決して、悪いようにはしないつもりである。
【参照】2008年10月29日[〔うさぎ人(にん)〕・小浪] (7)
元の封書を、もう一枚の奉書紙で包み、その中に追伸をいれたところで、お三津が、湯がころあいになったと迎えにきた。
浴衣に着替えていた。
(いっしょに浴びるつもりか?)
思ったが、うっかり訊き、「そうだ」と応えられてひっこみがつかなくなるので、
「あとで、この手紙を飛脚屋へ頼んでくれまいか。私信ゆえ、お上の定飛脚はつかえない」
「京のいいお人へですか?」
「そうではない」
わざと、素っ気なく言った。
脱ぎ場で帯をといている平蔵の横をぬけ、湯の加減をたしかめ、ふりむき、笑顔でうながした。
平蔵が躰を沈めると、浴衣の裾を帯にはさんで白い足をさらし、
「元結(もとい)を切りましょう」
脊を向かせ、鋏(はさみ)を使い、髷先(まげさき)を束ねていたものを切り、取り去った。
「お洗いします」
湯桶をでた平蔵を腰置きに向うむきに坐らせ、肩までとどく台に小ぶりな盥を乗せ、薬缶(やかん)からあたためた洗い湯を注いだ。゜
洗い湯は、溶かした布苔(ふのり)にうどん粉をまぜ、脂(あか)ねばりおとしによく効くといわれているものであった。
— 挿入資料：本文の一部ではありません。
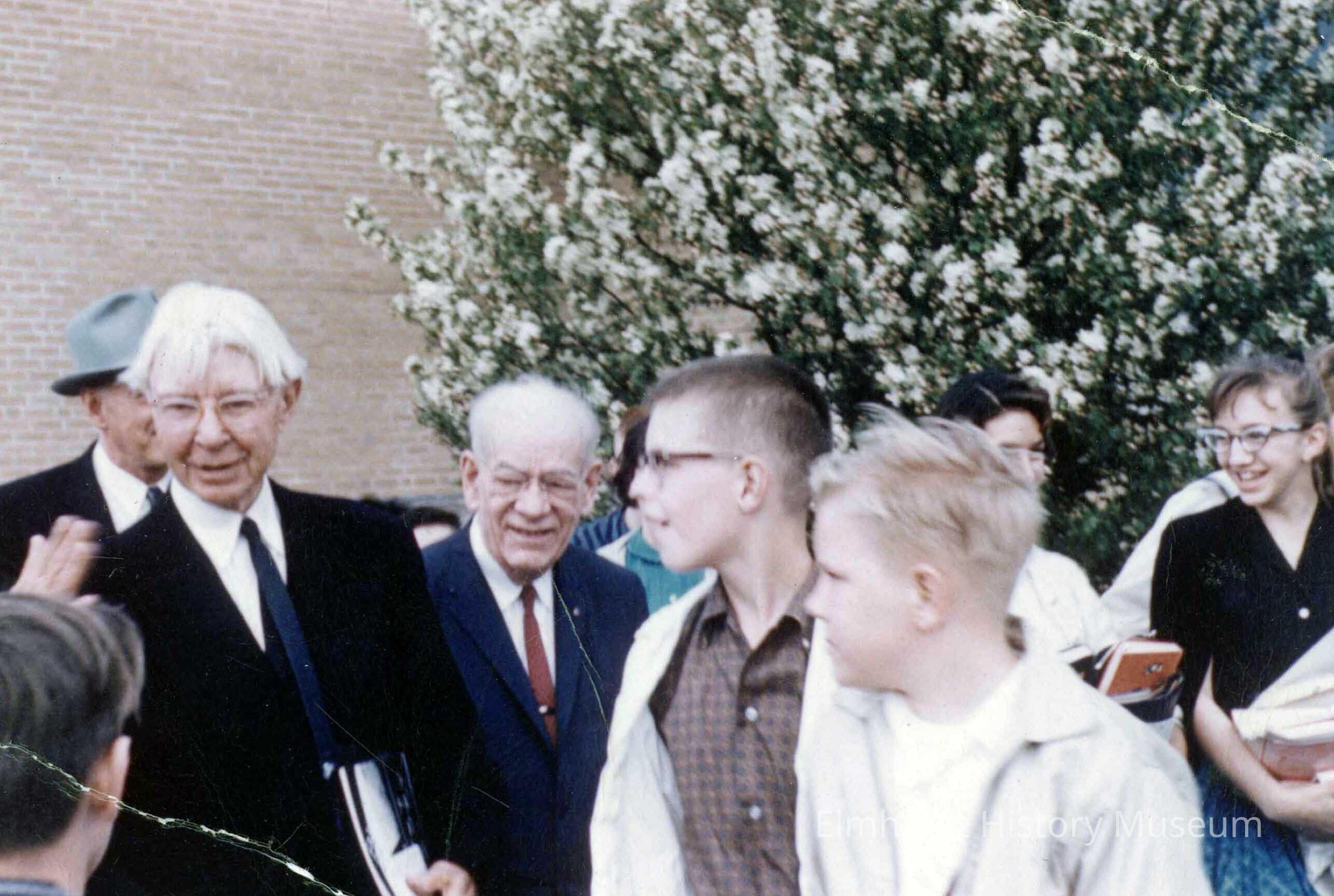 Color photograph. Poet, author and former Elmhurst resident Carl Sandburg on the left with Elmhurst historian Helmut Berens and students at Sandburg Junior High School, 345 E. St. Charles Road. This was the day that Elmhurst Junior High School was renamed Sandburg Junior High School.Photograph Details

平蔵の髪を洗い湯に漬けては、両掌でもむようにして洗っていった。
(おしゃまで世話焼きなところも、おまさによく似ている)
「大名方のおいいつけで、用具をそろえているのです」
「大名たちのも、お三津どのが洗ってさしあげるのかな?」
ぴしゃと肩が叩かれた。
「冗談ではありません。長谷川さまだから洗ってさしあげているのよ」
平蔵が振りむこうと動いたら、また叩かれ、
「真湯でゆすぐまで、動かないで---」
「失礼した」
乾いた手拭で丁寧に水気がきられ、くるくるとまかれ髪は新しい手拭につつまれ、額の前でむすばれた。
「お疲れさまでした。こちらをお向きになって---」
高台と盥は片されてい、目の前にいたのは、低い腰置きに腰かけた膝がひらき、衿がはだけて乳房をこぼしているお三津であった。
指でつまんだものを平蔵に示し、
「お髪(ぐし)の中からでてきました」
ちぢれた短い毛であった。
「そんなはずはない---」
「ほら、赤くなった---」
「濡れ衣(ぎぬ)だ」
「はい。私のです」
「こいつ」
露出していた乳頭を押した指がつかまれ、口にいれら、舌がからんできた。
膨張したものはにぎらせておき、
「酒は六ッ(午後6時)まで口にしない。、おなごは六ッ半(午後7時)をすぎるまで抱かないことにしておる」
力がこもり、
「五ッ(午後8時)ならよろしいのですね?」
(生活(たつき)に憂(うれ)いの少ないおんなの心がむくところが「性」とは、よくしたものだ)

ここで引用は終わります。